# Racing Stripes



## mjdxtreme (Oct 21, 2006)

I am looking to put racing stripe on my cyclone grey 06. I am not sure what color would look good. Any one who has a cyclone grey with racing strips lets see the pic. And those who have opinions about what would look good. please reply.


----------



## dustin60 (Jun 28, 2006)

i dont have a grey one...but IMO u gotta go black with the stripes


----------



## DriftingIsGay (Nov 14, 2006)

dustin60 said:


> i dont have a grey one...but IMO u gotta go black with the stripes


 I would agree with you if Cyclone Grey was really Grey. I have had my CG 06 GTO for three weeks now. Every one that has it seen tells me it's not Grey and I can't really argue with them. In fact the dealership where I bought it had it listed as Green.
I'm not sure what would be the best choice for racing stripes. Maybe you could go to a paint shop ask them to match the paint and then make a much darker version of it and use that for stripes.


----------



## GTO JUDGE (May 14, 2005)

*Silver?
Stripes that match the interior?
White?*


----------



## mjdxtreme (Oct 21, 2006)

anyone know of an aftermarket web site where i can select the GTO and the color and test different color ones to see what would look good. Something like Discount tire does for the interactive aftermarket wheel selection.


----------



## GTO JUDGE (May 14, 2005)

mjdxtreme said:


> anyone know of an aftermarket web site where i can select the GTO and the color and test different color ones to see what would look good. Something like Discount tire does for the interactive aftermarket wheel selection.


*
I don't know of any, but the color charts on line are not very good. 

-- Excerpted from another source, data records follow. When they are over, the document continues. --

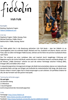 Baiersdorf. Fans des Irish Folk, kommen am Samstag, 5. April 2025 ab 19.30 in der Kulturscheune Baiersdorf (Forchheimer Str. 2) auf ihre Kosten. Die Fiddle gehört fest in die Besetzung zahlreicher Irish Folk Bands - aber bei Fiddolín ist sie namensgebend, denn sie verbindet Stephi, Michael und Tina. Zusätzlich mit Gitarre, Klavier und Irish Flute, aber vor allem mit fetzigen Fiddle Sounds, nehmen sie ihre Hörer mit auf eine musikalische Reise nach Irland. Das Trio entstand aus einer Lockdown Idee und inspiriert durch langjähriger Erfahrung und Begeisterung für die irische Folk Musik, welche die drei in zahlreichen Sessions und Bands pflegen. Für die Mission „Fiddle Dominion“ nehmen sie auch die weiten Fahrtwege zwischen Freiburg (BW), Erlangen (BY) und Gießen (HE) in Kauf. In abwechslungsreichen Arrangements bringen die Multi-Instrumentalisten ebenso vor Lebensfreude sprudelnde Reels und Jigs zum Klingen wie kraftvolle bis melancholische Folk Songs, die direkt einer Session mitten in einem urigen Pub in Irland entsprungen zu sein scheinen. Ein perfektes Erlebnis für alle, die das Fernweh nach der grünen Insel packt. Infos und VVK: www.kusch-baiersdorf.
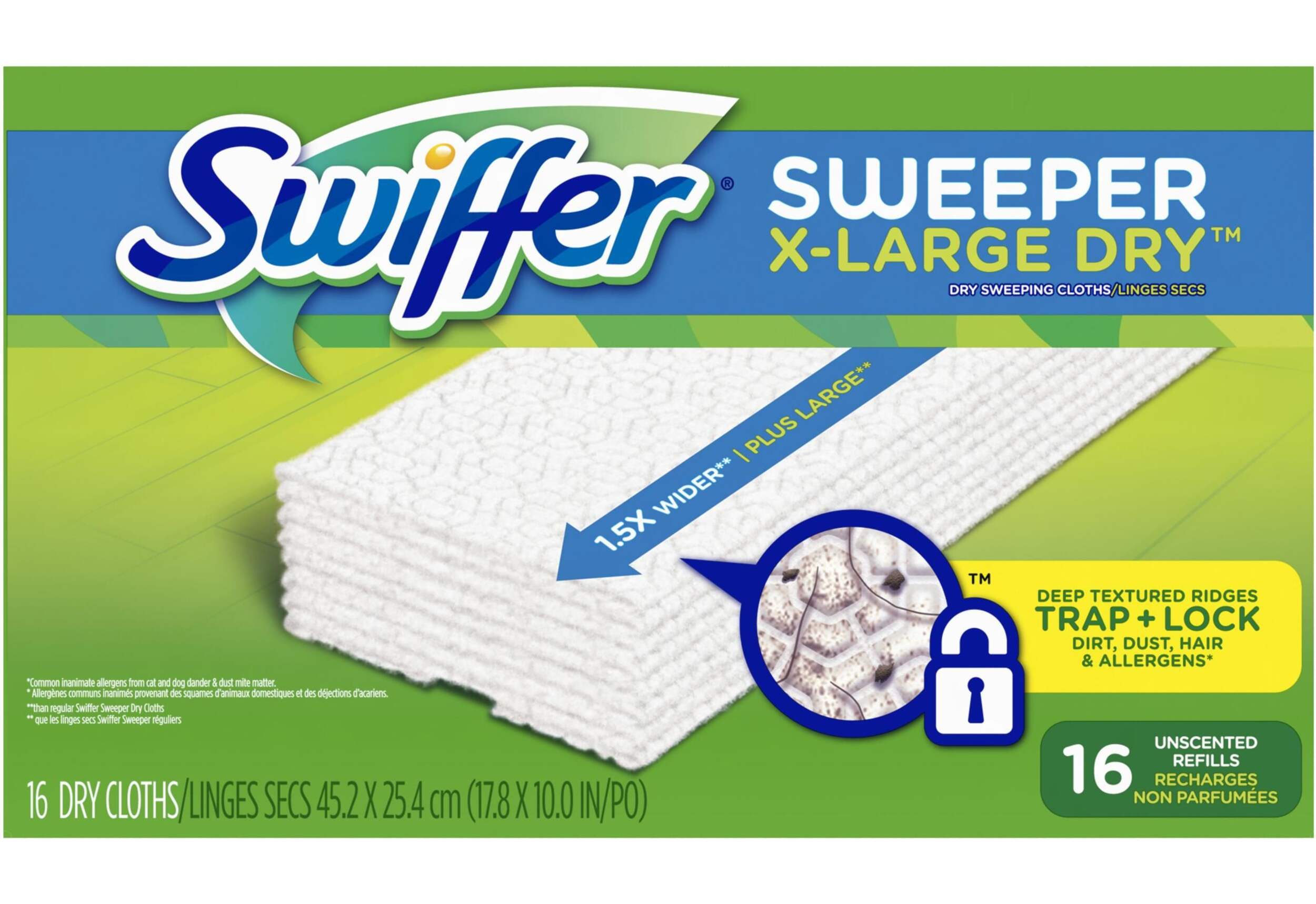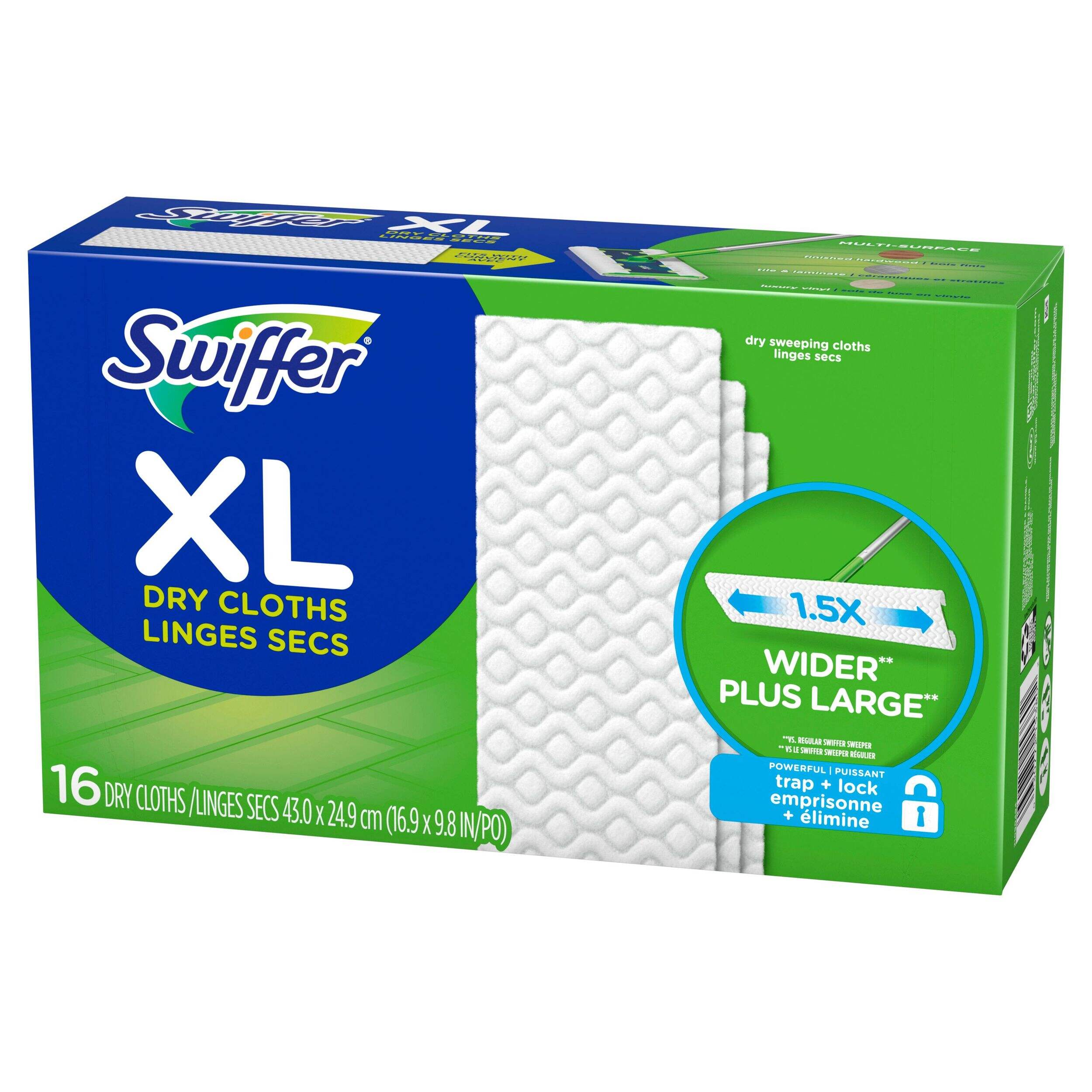 Linges secs Swiffer Sweeper XL, 1,5 fois plus larges que les linges Swiffer Sweeper ordinaires, ramassent encore plus de saleté, de poussière et de poils en un seul coup
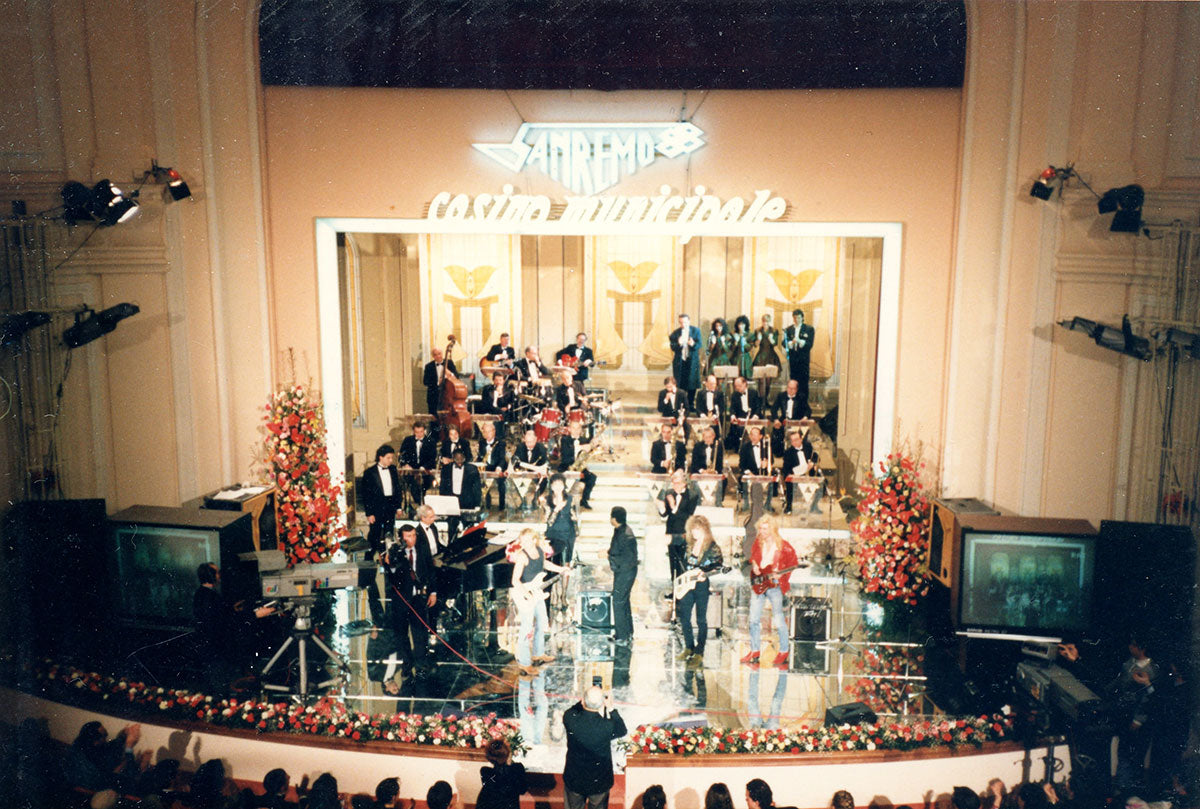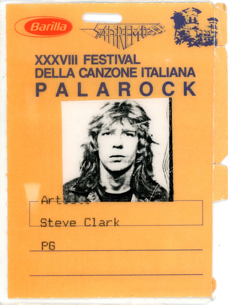 Buonosera, Sanremo! Steve Clark's laminate all-access pass for the Sanremo Music Festival, 24-27 February 1988 at the Teatro Ariston di Sanremo. During the festival, Phil Collen, Rick Savage, and Steve Clark were special guests for the incredible Ben E. King's as they performed his classic "Stand By Me." The laminate includes a nice black and white passport-style picture of a serious Steve, ready to give Italy a taste. Courtesy of the Lorelei Shellist Private Collection.

Your best bet is to go everyone's galleries and check them out. There are a few on here with stripes. Or ask in a thread for guys to post them for you.
*


----------



## Paul1stSGT (Aug 1, 2006)

Got a small chip on my front hood and was checking out this company....might help you! http://www.paintscratch.com/


----------



## tabes117 (Dec 14, 2006)

I was quoted 300 to run vinyl stripes bumper over hood to bumper something like this.
http://us.a2.yahoofs.com/users/43df22fbzfc6c5fd0/9d87re2/__sr_/5024re2.jpg?phwJi5FB7LzHxFki


----------



## saltine (Sep 1, 2006)

http://www.autotrimdesign.net/category_22775.html









looks good on mine dont you think?


----------